The League clubs have reacted in alarm to what is obviously the first sign that those safe on board the luxury Premiership are intent on pulling up the rope-ladder. Now that the stock market is heavily involved, the top clubs are anxious to avoid the instability that three down, or even two down, will inflict on their share prices. When this proposal hardens up it could split the game even wider.

Cricket's critical moment will come much sooner. On 5 August, the England and Wales Cricket Board, under the chairmanship of Lord MacLaurin of Tesco fame, will announce their blueprint for the future of domestic cricket which is certain to include a radical change to the County Championship format. Opinions have already been sought from county players and umpires and 7,000 questionnaires are being distributed to county and club members to involve the grass-roots in the decision.

We were denied a glimpse of cricket's likely future when last week's deluge also swamped Surrey's attempt to stage the first official day-night match in Britain. Traditionalists would have breathed a prayer of thanks towards the dark heavens. Surrey Lions v Nottingham Outlaws under floodlights, each batsman played to the crease with his own signature tune, with a lion's roar to greet every Nottingham wicket that falls ... you get the picture.

There may well be room for a jazzed-up version of the game in the calendar but I trust the ECB realise that there are less extreme ways to entice spectators and that there is a rich market to be tapped among the older, less gimmick-demanding part of the population. The cricket crowd of the future doesn't have to be packed with young men chanting "Barmy Army" for five hours at a stretch.

Even allowing for the rain, it is hard to recall a summer so replete with exciting sporting action.

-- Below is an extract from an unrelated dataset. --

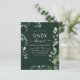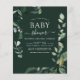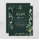 Budget Emerald - Sage Green Greenery Botanical Watercolor Primavera Baby Shower Invtions em fundo preto, verde e branco - inclui uma bela e elegante tipografia com folhas botânicas modernas e verde para a celebração da Mãe a Ser especial.

But behind the scenes there is a worrying absence of a firm and reliable hand on the rudders.

ANTE-POST betting is a familiar part of racing but my colleagues on the Independent racing desk last week revealed that ante-natal betting is now with us. Coral bookmakers are offering their clients a 150-1 chance to become expectant punters by placing their cash on a horse that won't be born until next year.

It's the mother and father of a brave bet. But the mother concerned is Flakey Dove, who won the 1994 Champion Hurdle, and the sire who has put her in the family way is Alderbrook who won the same hurdling classic the following year. You can't get better breeding than that and Corals have had plenty of interest in the bet even though it could be seven years before the offspring gets to the starting line.

Meanwhile, there's all that pacing up and down outside the delivery room, years of worrying about coughs and strains .... I think I'd want more than 150-1 to endure that sort of parenthood. Still, as they say, a foal and his money are soon parted.